Hai Hai is the second solo album by ex-Supertramp singer/guitarist/keyboardist Roger Hodgson, released in September 1987. Co-produced by future No Doubt and Black Crowes producer Jack Joseph Puig, and recorded at Hodgson's 48-track home studio in Nevada City, California, the album is a merger of Supertramp-styled progressive pop-rock and extensive use of Los Angeles session musicians and late-1980s synthesizer technology.

Overview
Hai Hai featured ten songs, all of which were written by Hodgson, with the exception of "Land Ho", an old Supertramp song (at the time never released on an album but only as a single), which Hodgson co-wrote in 1974 with his long-time partner Rick Davies.
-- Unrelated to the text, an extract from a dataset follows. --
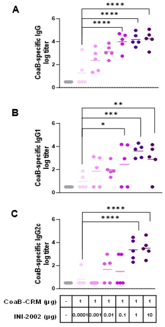 Anti-CoaB IgG, IgG1, and IgG2c antibody titers increase in a dose-dependent manner. C57 Bl/6 mice (5 per group) were injected once on days 0 and 14 i.m. with 1 µg/mouse CRM-CoaB conjugate vaccine adjuvanted with INI2002 as indicated. Serum was collected on day 14 post-secondary vaccination. CoaB peptide-specific IgG (A), IgG1 (B), and IgG2c (C) antibody titers were measured by ELISA. Circles represent individual mouse CoaB specific antibody titers and the shade of purple indicates increasing dose of INI-2002 from 0.0001 to 10 ug. Line indicates the mean titer for each group. The symbols above individual points denote statistical significance. Ordinary one-way ANOVA followed by Fisher’s LSD were used to determine statistical analysis, where * p ≤ 0.05, ** p ≤ 0.01, *** p ≤ 0.001, and **** p ≤ 0.0001.
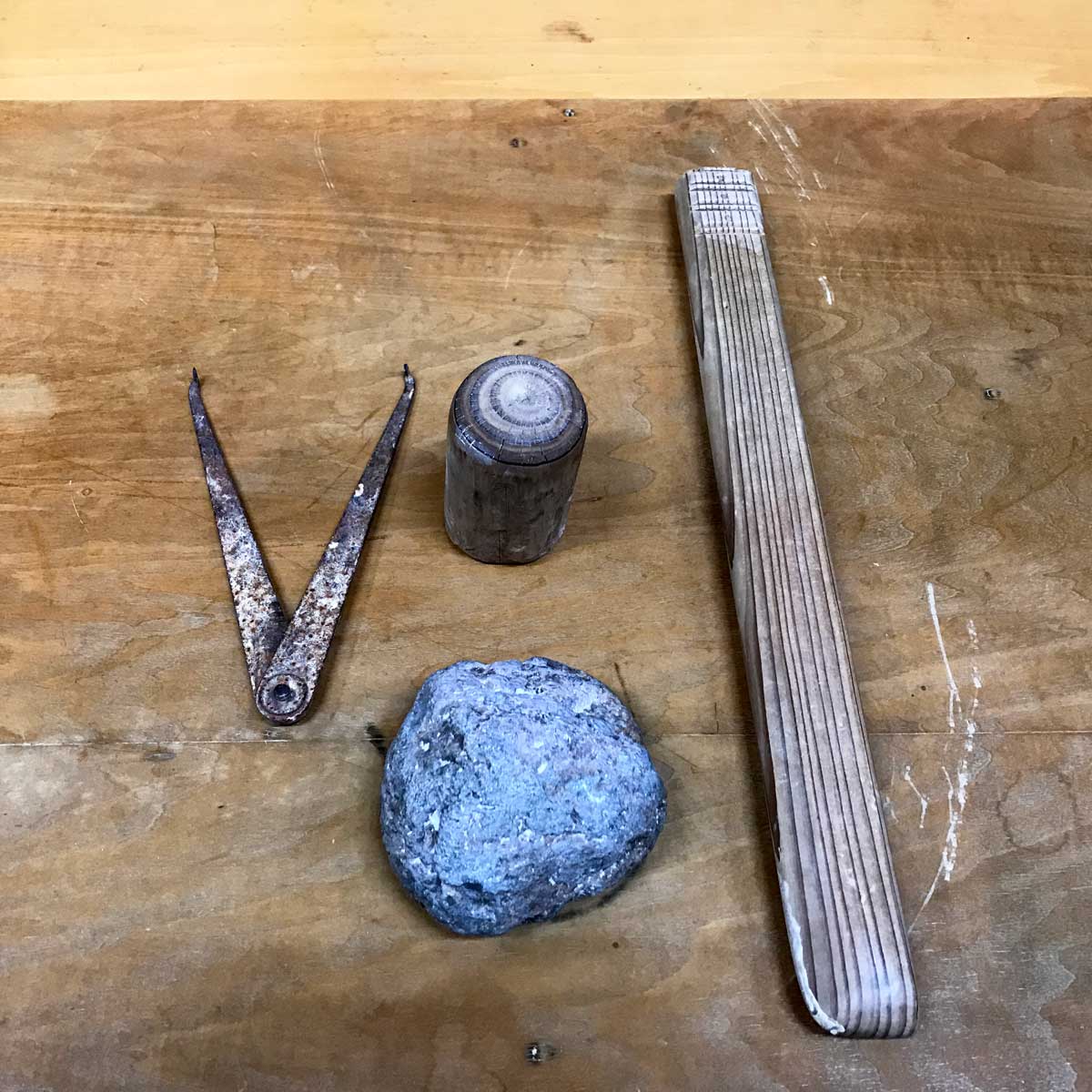 後の説明にもありますが器物を造る際、外側にシュレイ、内側にトキヤーを両手で持って土を挟み込むように叩きます。

Hodgson had previously recorded the song in 1983 for his solo album In the Eye of the Storm, but it was never released.

Background
Hodgson was unable to fully promote or tour behind Hai Hai, having sustained injuries to both of his wrists in a fall a week after its release. After that accident, Hodgson stopped his musical career for the next decade, returning to the public in 1997 with live shows and a live album, Rites of Passage. His next studio album, Open the Door, was released in 2000.

In the song "Hai Hai",  backmasking is used 13 seconds in.  When played in reverse, a whisper says "what happened to you?"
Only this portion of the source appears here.